Девушка в последнем ряду с улыбкой машет мне рукой. Элени из Би-би-си, наполовину погребенная под небольшой горой оборудования, очевидно, все еще стажерка. Я улыбаюсь в ответ и чувствую себя лучше.
Стоящий на возвышении стол длинный и узкий, сверху – три пары микрофонов и табличек. На стуле посередине уже сидит модератор встречи, мужчина средних лет, который по совместительству является одним из многочисленных вице-президентов ФИДЕ. Я смутно помню его с Турнира претендентов. Справа от него – табличка с моим именем, именно за ней я и сажусь.

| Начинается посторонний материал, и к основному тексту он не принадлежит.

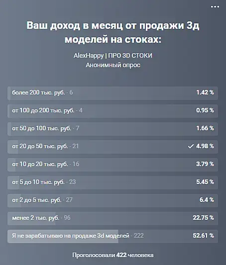 Это да. Из скрина с прошлой страницы видно, как падает доход, если бросаешь моделить. Хотя с другой стороны не так резко, как если бросаешь работать в офисе )))

Оставшееся место слева от модератора пока пустует.
И остается пустым еще минуту.
Две.
Две с половиной.
Три. Я сама немного опоздала, потому что пришлось ждать паром, плюс нам с Истон нужен был четвертый завтрак. Мы уже на десять минут отстаем от графика, и десятки журналистов в зале перешептываются, будто на викторианском балу произошел какой-то немыслимый скандал.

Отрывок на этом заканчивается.